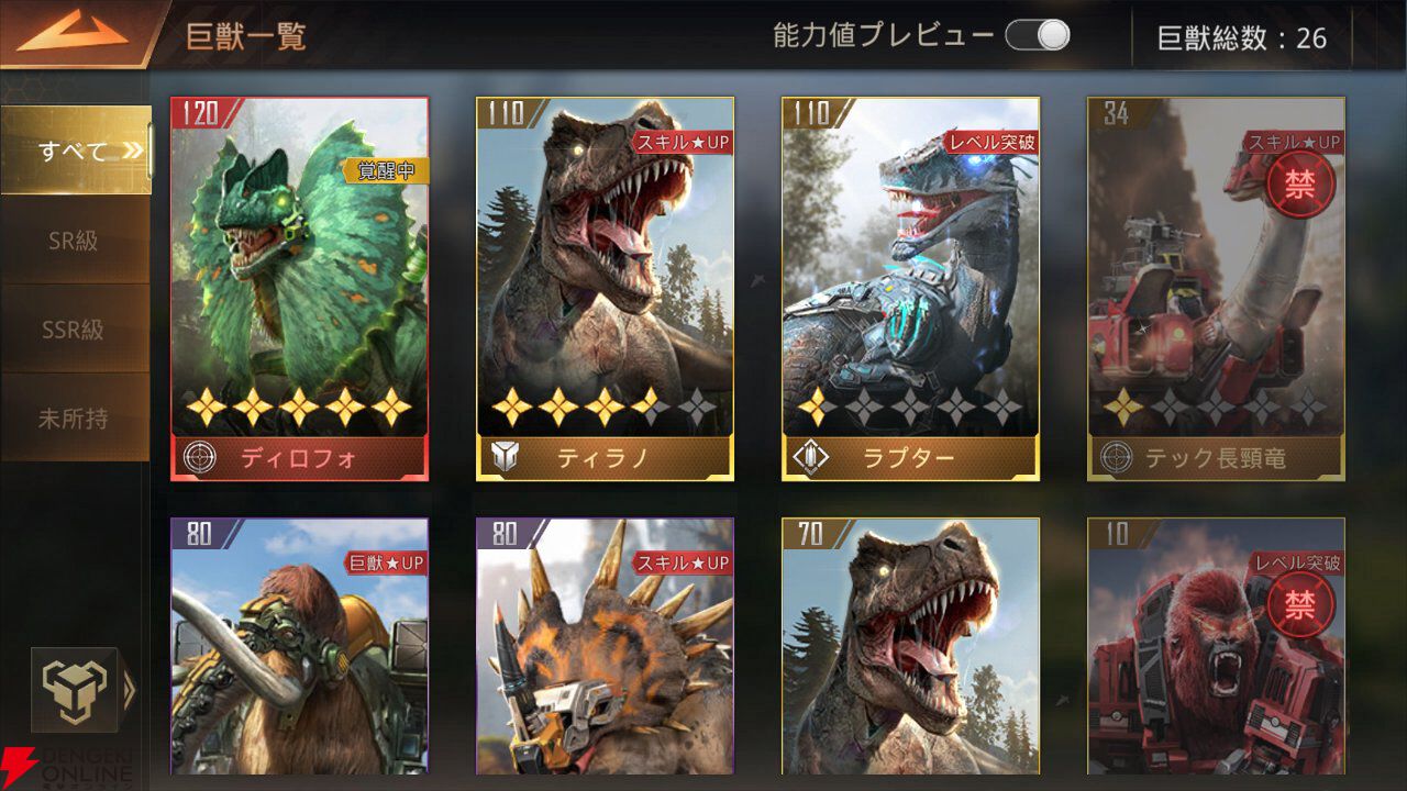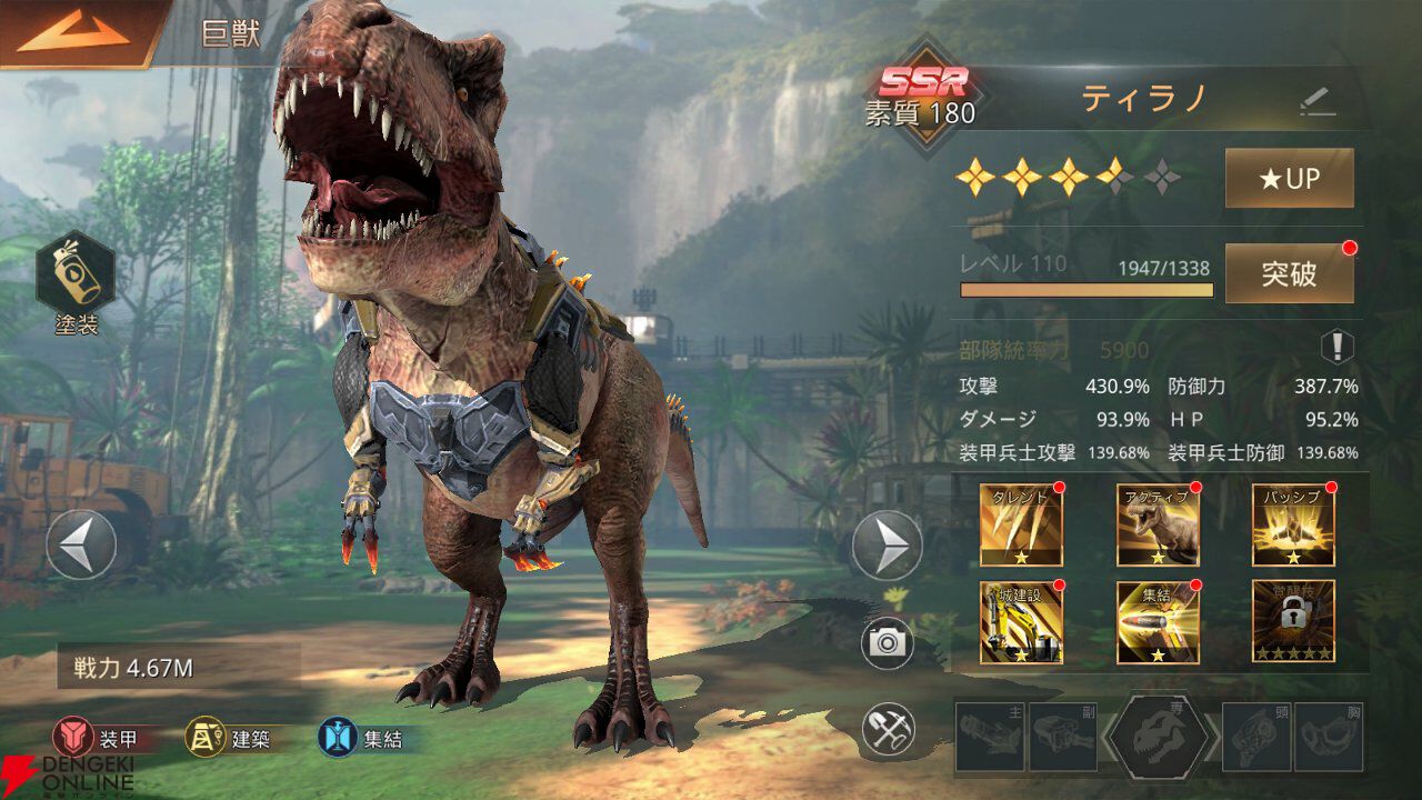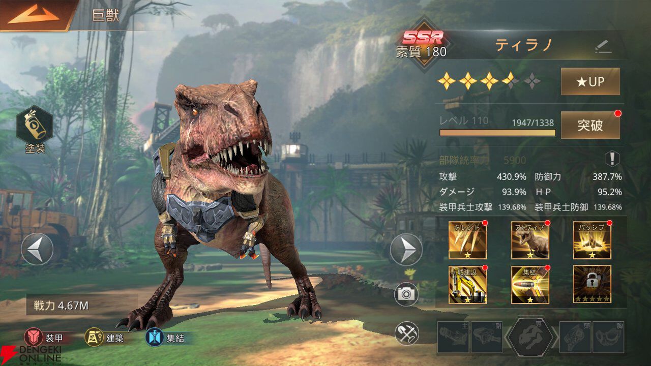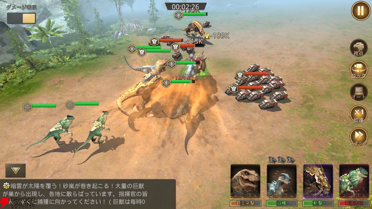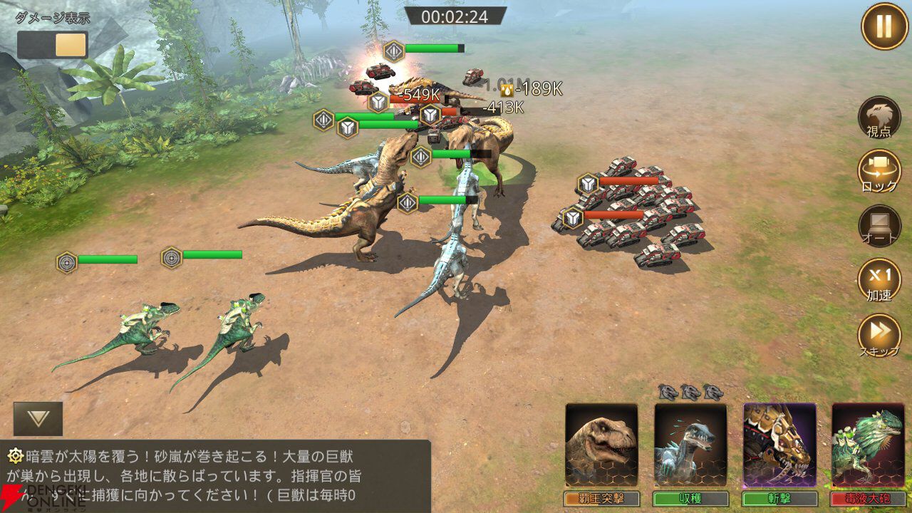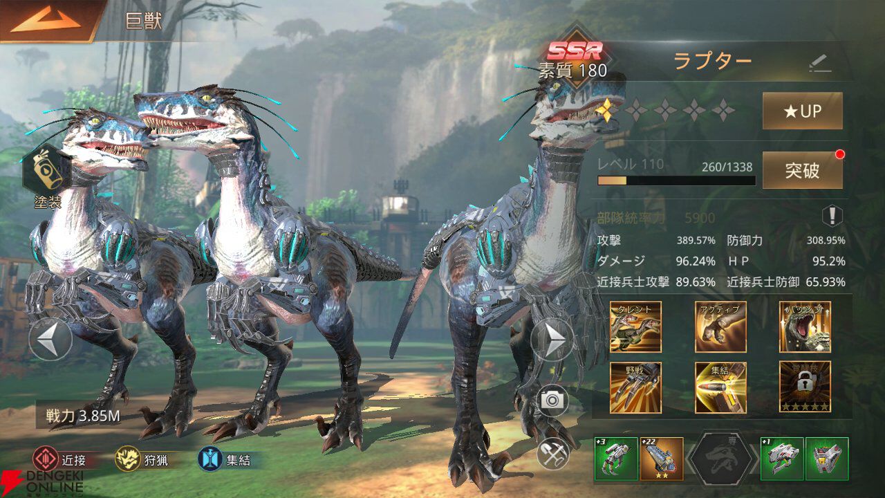 ティラノであれば突撃力が高く、ラプターなど複数の個体で行動する巨獣はそれぞれ別の目標を攻撃できるなど、巨獣の個性に合わせたスキル構成になっているので、戦略を練るのが楽しいですね。
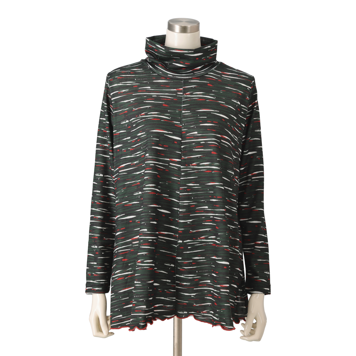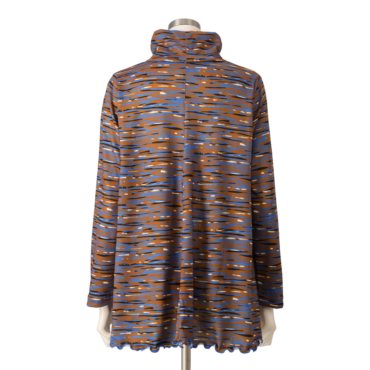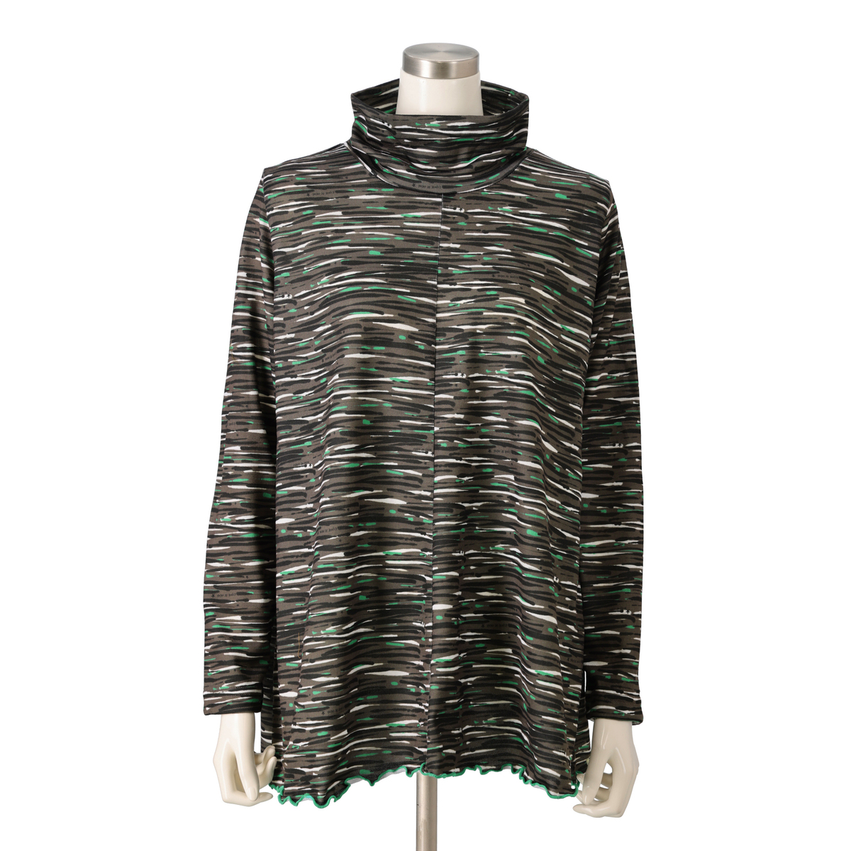 首元は2枚仕立てのハイネックで心地よくフィットし、くしゅっとしたアレンジも可能です。シルエットは全体にフレアポイントが入るようなパターンニングで、前後中心の切り替えが縦ラインを作り、すっきりとした印象に。裾は配色メローロック仕上げで軽やかなアクセントを添えます
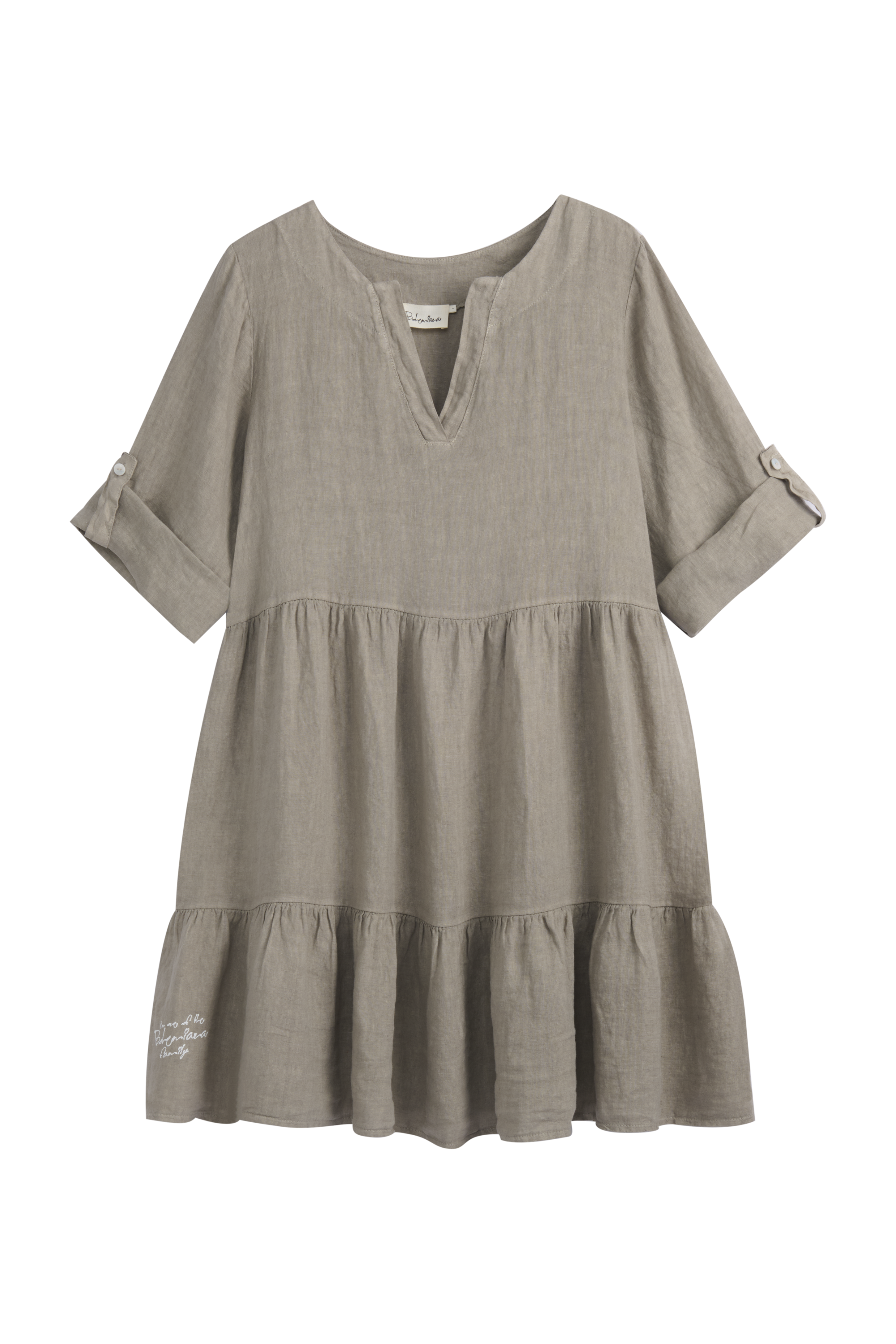 Rennon romanttinen, polvipituinen pellavamekko, jossa frillat helmassa, pääntie v-aukolla ja napeilla käärittävät hihat.

____________________

Problem: No picture belongs in the copy; return the rest of the listing exactly.

Problem solution:
 ティラノであれば突撃力が高く、ラプターなど複数の個体で行動する巨獣はそれぞれ別の目標を攻撃できるなど、巨獣の個性に合わせたスキル構成になっているので、戦略を練るのが楽しいですね。
 首元は2枚仕立てのハイネックで心地よくフィットし、くしゅっとしたアレンジも可能です。シルエットは全体にフレアポイントが入るようなパターンニングで、前後中心の切り替えが縦ラインを作り、すっきりとした印象に。裾は配色メローロック仕上げで軽やかなアクセントを添えます
 Rennon romanttinen, polvipituinen pellavamekko, jossa frillat helmassa, pääntie v-aukolla ja napeilla käärittävät hihat.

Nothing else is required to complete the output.